Noi con Loro è un giornalino che mira a mettere in risalto non soltanto la struttura architettonica della Villa, composta da colori e ambienti che fanno sentire a casa, ma vuole far conoscere come gli anziani trascorrono le loro giornate, le attività d’animazione che rendono il loro soggiorno piacevole.

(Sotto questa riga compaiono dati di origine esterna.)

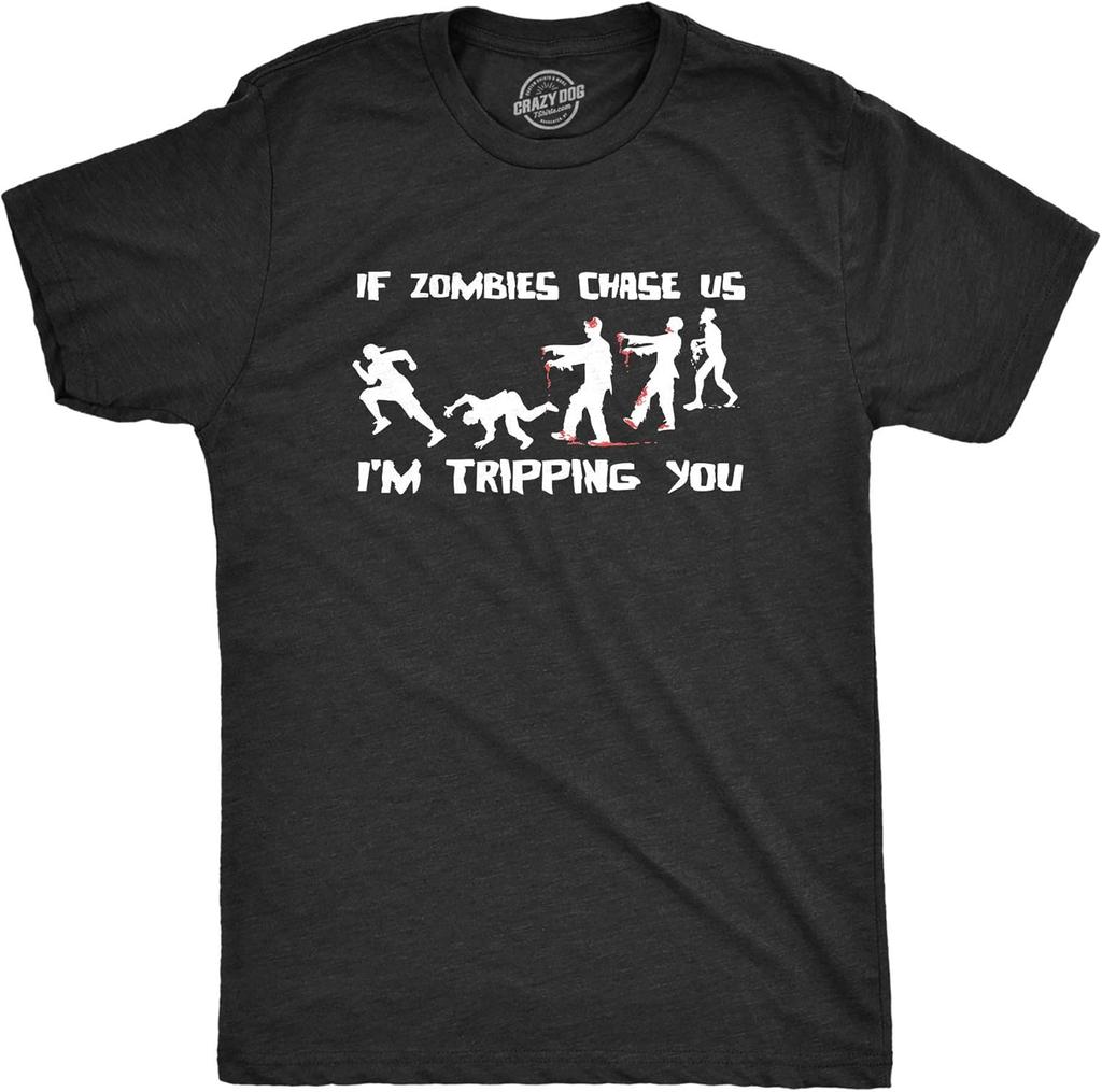 Mens If Zombies Chase Us Im Tripping You Funny Graphic Novelty Halloween T Shirt

La news letter Noi con Loro, ideata nell’ambito delle progettualità del Team Psico-Socio-Educativo, vuol essere un “diario di bordo”  della Casa Protetta Villa delle Rose, dove si raccontano scene di vita quotidiana, eventi, attività e progetti che hanno come soggetti e protagonisti i nostri Anziani residenti. Ogni evento speciale lo abbiamo documentato: i compleanni, i giochi sociali e i vari laboratori che tengono impegnata la mente e stimolano la memoria, l’abilità, le capacità cognitive, valorizzano l’autostima e il protagonismo. Qualsiasi attività o evento che avviene all’interno della nostra struttura ha tra gli obiettivi principali, quello di far esprimere sentimenti, emozioni, ma soprattutto far riemergere i ricordi di una vita passata. Alcuni di questi momenti vissuti ci sono stati raccontati dai nostri ospiti e li abbiamo così proposti in lettura nelle pagine del giornalino.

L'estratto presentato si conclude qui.